[[ Dataset content open ]]

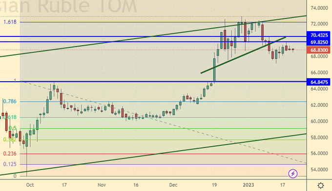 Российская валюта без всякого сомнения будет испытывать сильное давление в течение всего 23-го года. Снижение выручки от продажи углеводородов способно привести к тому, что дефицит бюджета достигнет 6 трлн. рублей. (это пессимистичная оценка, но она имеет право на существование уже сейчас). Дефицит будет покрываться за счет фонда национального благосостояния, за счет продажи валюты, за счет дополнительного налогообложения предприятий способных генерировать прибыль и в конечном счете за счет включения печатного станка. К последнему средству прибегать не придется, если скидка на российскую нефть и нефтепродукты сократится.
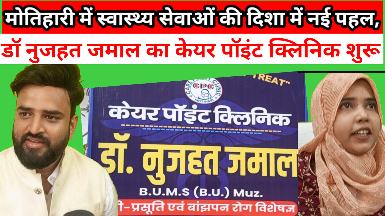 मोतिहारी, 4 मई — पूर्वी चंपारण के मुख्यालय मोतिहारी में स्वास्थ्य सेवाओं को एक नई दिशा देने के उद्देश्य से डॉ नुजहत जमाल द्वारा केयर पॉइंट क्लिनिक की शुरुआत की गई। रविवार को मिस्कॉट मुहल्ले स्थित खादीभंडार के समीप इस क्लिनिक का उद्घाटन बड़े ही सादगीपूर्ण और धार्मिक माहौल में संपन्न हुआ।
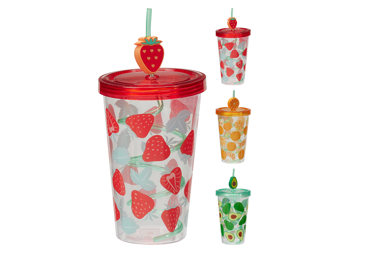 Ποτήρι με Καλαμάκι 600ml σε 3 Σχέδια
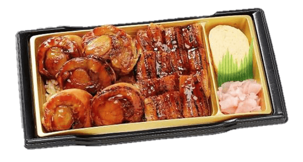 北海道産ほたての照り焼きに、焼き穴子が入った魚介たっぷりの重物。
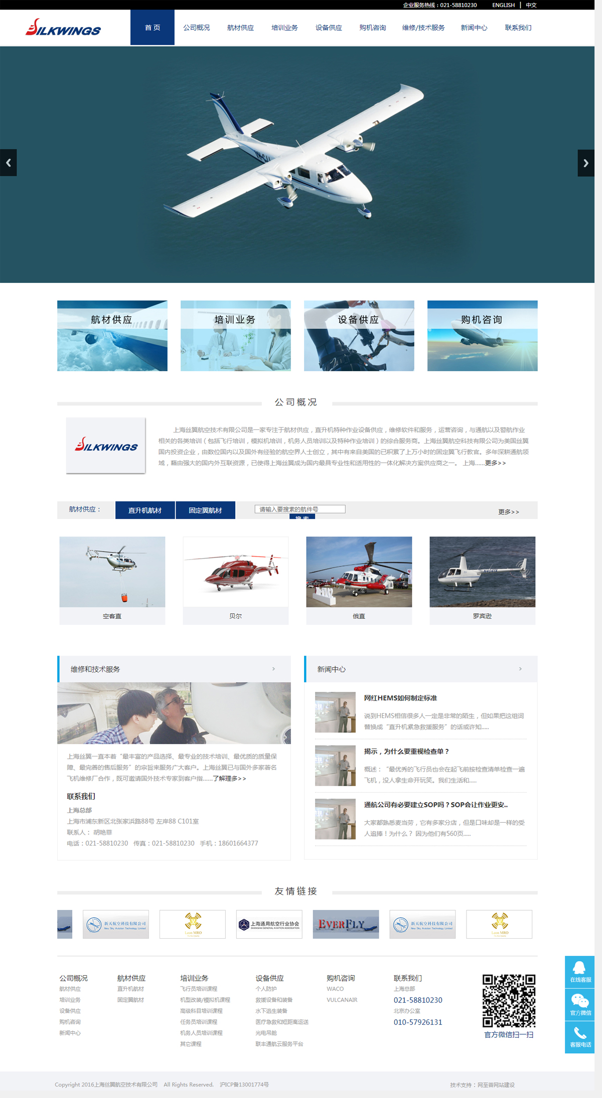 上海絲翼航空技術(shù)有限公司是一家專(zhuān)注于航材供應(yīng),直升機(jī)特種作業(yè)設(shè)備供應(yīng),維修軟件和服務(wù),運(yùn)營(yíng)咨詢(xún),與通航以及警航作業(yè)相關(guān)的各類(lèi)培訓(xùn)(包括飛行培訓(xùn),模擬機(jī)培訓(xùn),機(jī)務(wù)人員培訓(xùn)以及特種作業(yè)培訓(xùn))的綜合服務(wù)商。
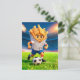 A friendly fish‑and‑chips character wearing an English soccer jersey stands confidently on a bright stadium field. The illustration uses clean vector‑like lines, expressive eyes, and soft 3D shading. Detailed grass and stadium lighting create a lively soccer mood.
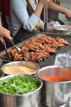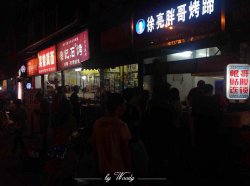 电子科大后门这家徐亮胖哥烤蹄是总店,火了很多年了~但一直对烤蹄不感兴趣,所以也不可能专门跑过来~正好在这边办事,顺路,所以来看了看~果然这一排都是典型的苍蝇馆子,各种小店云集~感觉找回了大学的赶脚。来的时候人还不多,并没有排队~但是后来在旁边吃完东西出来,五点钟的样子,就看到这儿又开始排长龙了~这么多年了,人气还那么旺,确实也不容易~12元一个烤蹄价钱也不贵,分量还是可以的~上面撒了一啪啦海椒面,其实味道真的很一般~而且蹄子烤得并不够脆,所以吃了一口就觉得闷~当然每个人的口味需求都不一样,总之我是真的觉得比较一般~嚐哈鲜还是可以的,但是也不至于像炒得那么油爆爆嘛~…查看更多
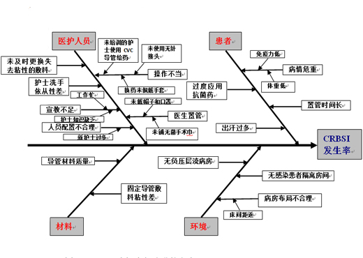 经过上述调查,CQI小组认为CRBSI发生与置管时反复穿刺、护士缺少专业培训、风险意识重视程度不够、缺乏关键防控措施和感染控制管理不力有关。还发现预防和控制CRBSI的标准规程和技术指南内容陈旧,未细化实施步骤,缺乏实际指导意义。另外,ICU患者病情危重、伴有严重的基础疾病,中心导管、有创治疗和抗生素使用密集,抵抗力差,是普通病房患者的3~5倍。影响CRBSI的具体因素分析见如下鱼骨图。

[[ Dataset content closed ]]
[[ Dataset content open ]]

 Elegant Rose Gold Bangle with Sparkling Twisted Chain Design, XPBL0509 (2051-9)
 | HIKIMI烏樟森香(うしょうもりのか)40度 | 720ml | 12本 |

[[ Dataset content closed ]]
[[ Dataset content open ]]

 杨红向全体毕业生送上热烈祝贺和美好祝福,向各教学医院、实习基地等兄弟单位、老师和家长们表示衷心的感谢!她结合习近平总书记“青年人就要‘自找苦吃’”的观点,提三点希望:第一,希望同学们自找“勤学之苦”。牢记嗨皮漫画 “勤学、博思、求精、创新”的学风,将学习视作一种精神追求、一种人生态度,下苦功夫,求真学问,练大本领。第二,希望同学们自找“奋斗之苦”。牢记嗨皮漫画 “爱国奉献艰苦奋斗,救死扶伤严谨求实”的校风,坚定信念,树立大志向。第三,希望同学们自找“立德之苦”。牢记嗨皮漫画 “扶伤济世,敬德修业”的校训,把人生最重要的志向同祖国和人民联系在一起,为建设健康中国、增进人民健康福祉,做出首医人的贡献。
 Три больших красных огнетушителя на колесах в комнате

[[ Dataset content closed ]]

### The problem
Pictures excluded, give again exactly and only the lines of the material above from the line with "मोतिहारी, 4 मई" through the line with "上海絲翼航空技術(shù)有".

### Response for this exercise
 मोतिहारी, 4 मई — पूर्वी चंपारण के मुख्यालय मोतिहारी में स्वास्थ्य सेवाओं को एक नई दिशा देने के उद्देश्य से डॉ नुजहत जमाल द्वारा केयर पॉइंट क्लिनिक की शुरुआत की गई। रविवार को मिस्कॉट मुहल्ले स्थित खादीभंडार के समीप इस क्लिनिक का उद्घाटन बड़े ही सादगीपूर्ण और धार्मिक माहौल में संपन्न हुआ।
 Ποτήρι με Καλαμάκι 600ml σε 3 Σχέδια
 北海道産ほたての照り焼きに、焼き穴子が入った魚介たっぷりの重物。
 上海絲翼航空技術(shù)有限公司是一家專(zhuān)注于航材供應(yīng),直升機(jī)特種作業(yè)設(shè)備供應(yīng),維修軟件和服務(wù),運(yùn)營(yíng)咨詢(xún),與通航以及警航作業(yè)相關(guān)的各類(lèi)培訓(xùn)(包括飛行培訓(xùn),模擬機(jī)培訓(xùn),機(jī)務(wù)人員培訓(xùn)以及特種作業(yè)培訓(xùn))的綜合服務(wù)商。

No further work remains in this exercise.